BACKGROUND: Awareness may lack in some stroke patients who are not capable of evaluating the nature and severity of illness. Thus, unawareness may have different forms such as anosognosia, neglect, and alexithymia or unawareness of emotions. In this study we investigated the relationship among anosognosia, neglect, alexithymia, and cognition. METHODS: Fifty consecutive right stroke inpatients were approached within the first 3 months from the acute event. Anosognosia was measured with the Bisiach scale, alexithymia with the TAS-20 scale and neglect with line crossing, letter cancellation, figure and shape copying, and line bisection tests. A neuropsychological test battery was used to measure different areas of cognition. RESULTS: despite the strong comorbidity rate among the different forms of unawareness, there are patients who suffer from pure forms of these types of lack of awareness. A multivariate logistic regression model evidenced that presence of neglect (OR = 10.3; 95% CI = 1.4-76.3; p = 0.023) and more difficulty in describing feelings (TAS-20 F2 subscore; OR = 1.3; 95% CI = 1.1-1.7; p = 0.014) were the only predictors of anosognosia.

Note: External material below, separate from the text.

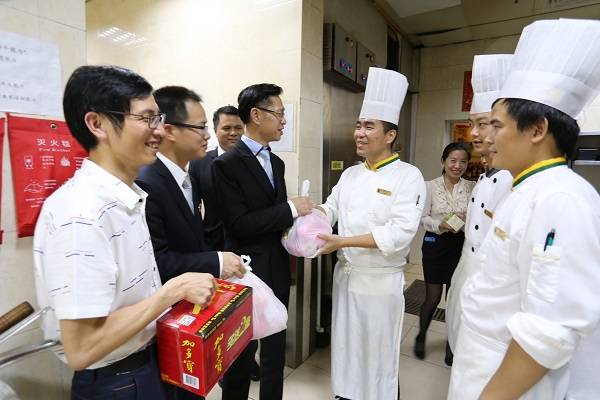 2016年8月9日,由酒店總經理王之斌及各部門負責人組成的高溫慰問小組代表集團及酒店向在酒店高溫崗位工作的員工進行慰問工作,先后至酒店洗衣房、鍋爐房、PA、西廚房、中廚房、日廚房、保安、員工食堂等高溫崗位拜訪工作人員,并為他們送去消暑慰問品,感謝員工辛勤付出,并囑咐員工高溫作業時應注意操作安全和保護措施,做好防暑降溫工作。
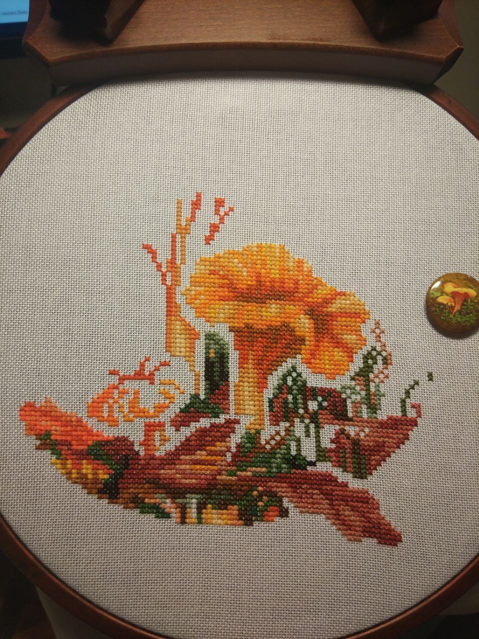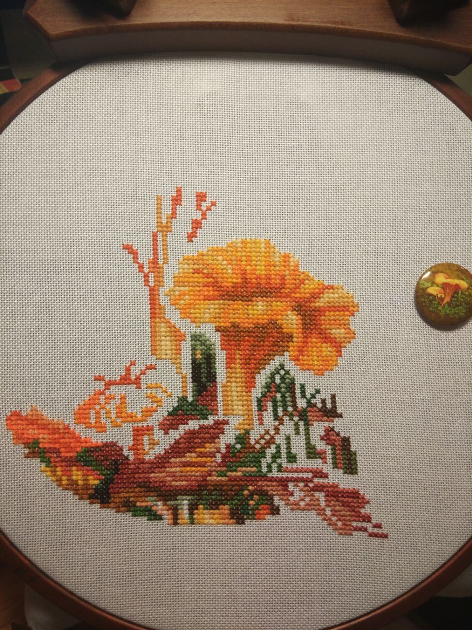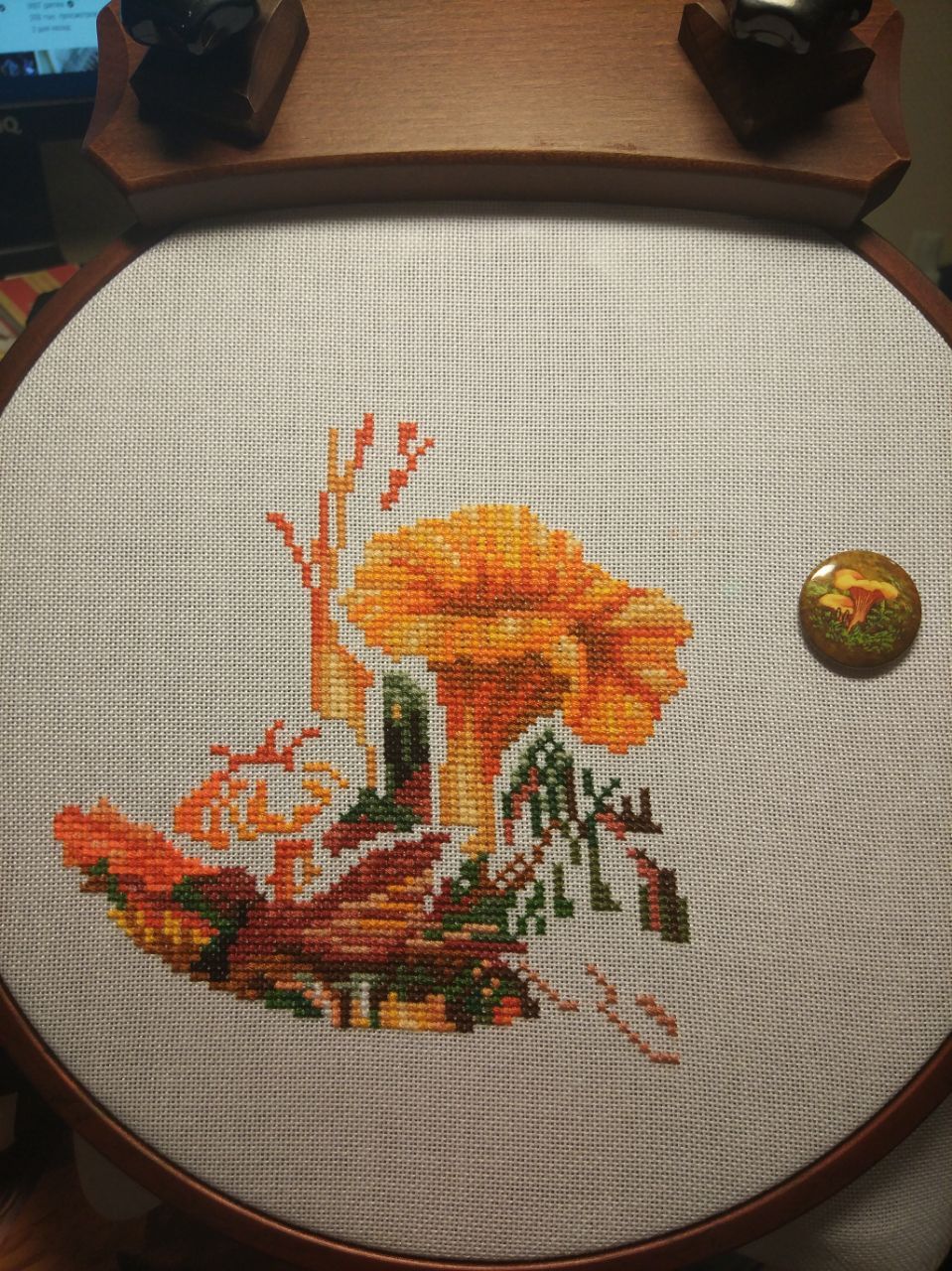 10 октября 2022 Всем привет! Несу отчёт за 6-ю неделю) 1. Вышить 150 крестиков одним или несколькими из цветов: белый, серый, черный +167 тёмно-серым цветом на котёнке от Новой слободы. 2. Сюжет: «Осенние краски». Вышить 100 крестиков на любом сюжете, так или иначе напоминающем об осени За осень у меня традиционно отвечают грибы от Жар-птицы) Вышила +215 на лисичке: 3. Вышить 100 крестиков НЕ на ткани для вышивки. Это может быть: пластик, дерево, габардин+бисер или гладь, вышивка на одежде и т. п. + Эксперимент Продвинула ещё свою игрушку-часики от Волшебной страны. Всего на процессе +892, из них +351 крестик жёлтым цветом - цвет огня. 4. Вышить 50 крестиков-одиночек. Можно – разбросанные небольшие группы крестиков на большой площади На сюжете от Химеры продолжаю закрывать дырочки, +81в пересчёте с полукреста на полный крест. Исследования +2364 на пиве от Марьи Искусницы. Первое фото - "было", остальные - "стало", т.к. переставляла пяльцы на работе. Касси, Вега, AliraRo и 25 других сказали спасибо Поделиться сообщением Ссылка на сообщение

In addition, anosognosics with alexithymia performed worst in a frontal task such as the verbal fluency task (p = 0.042) and in the verbal span forward task (p = 0.026) than pure anosognosics. CONCLUSIONS: Anosognosia for motor impairment is strictly associated with a specific form of unawareness of emotions. Future studies have to clarify if frontal cognitive impairment previously described in anosognosics is a manifestation of unawareness of emotions or anosognosia for motor impairment.